Archival Runway Shows

It’s quarantine season—newfound, unusual, and aggressively un-chic. Your friends are on their fourth re-watch of Friends (as if Ross and Rachel will somehow work it out this time) while you sit there, floating through time and space with nothing but your phone, laptop, and a dangerously high screen-time report to keep you company.


And because you’re different, you’ve already moved past the “baking banana bread” phase and the “online yoga in a messy living room” phase. Now, you’re ready for culture. Not Devil Wears Prada culture—you’ve seen that one so many times you can now quote Stanley Tucci’s lines in your sleep. We’re talking actual fashion: the kind that makes you feel like you’ve been front row since birth, even though the closest you’ve gotten is a live stream buffering on your cracked iPad.


Here’s your runway show lineup—fashion history’s cinematic equivalents of comfort food—served to you so you can pretend you’re at Paris Couture Week while actually wearing pajama bottoms and eating cereal for dinner.

Chanel Autumn/Winter 2015 Couture

Chanel Autumn/Winter 2015 Couture

Karl Lagerfeld turned the Grand Palais into a full-blown casino, proving that fashion week can be equal parts haute couture and high-stakes poker night. Kristen Stewart, Julianne Moore, and Lara Stone “played” at blackjack tables while models floated by in intricately embroidered suits that could probably pay off your rent for the next 25 years. Perfect for when you want escapism with a side of quiet existential dread about your bank account.


Valentino Haute Couture Spring/Summer 2008

Valentino Spring/Summer 2008

This is the last collection designed by the man himself—Valentino Garavani—before he hung up his measuring tape. Think sweeping gowns, unapologetic glamour, and the kind of unapologetic use of chiffon that says, “Yes, I live in a villa and have an army of butlers.” Watch this when you want to feel nostalgic for an era you weren’t even alive for, but insist on mourning anyway.


Hussein Chalayan Fall 2000 "Runway Show"

Hussein Chalayan Fall 2000

A masterclass in fashion as performance art. This is the show where dresses morphed on the runway, because buttons and zippers are too mainstream. Models transformed furniture into clothing, proving that with enough avant-garde spirit, your dining room table could also double as a cocktail dress. Best watched late at night, when you’re feeling just unhinged enough to start eyeing your IKEA sofa as a potential fashion statement.
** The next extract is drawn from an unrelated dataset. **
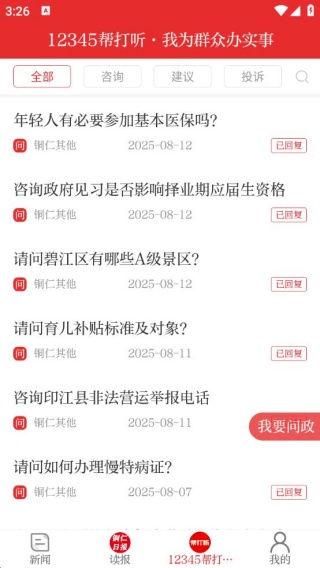 3、进入12345帮打听,为群众办实事,提问都有详细的回答。

Christian Dior Fall 1999 Haute Couture

Christian Dior Fall 1999 Haute Couture

The late, great John Galliano at his most theatrical, in an era before Instagram, where drama lived purely on the runway. This collection is all fantasy—exaggerated silhouettes, unapologetic excess, and the kind of grandeur that makes you wonder if the internet ruined fashion. Ideal for those moments in quarantine when you want to convince yourself you’re above fast fashion, even though you’ve still got that Zara package on the way.


So next time someone asks what you did all day, you can casually say, “Oh, just revisited some archival couture” instead of admitting you actually just lay in bed, slightly horizontal, watching YouTube videos in 480p.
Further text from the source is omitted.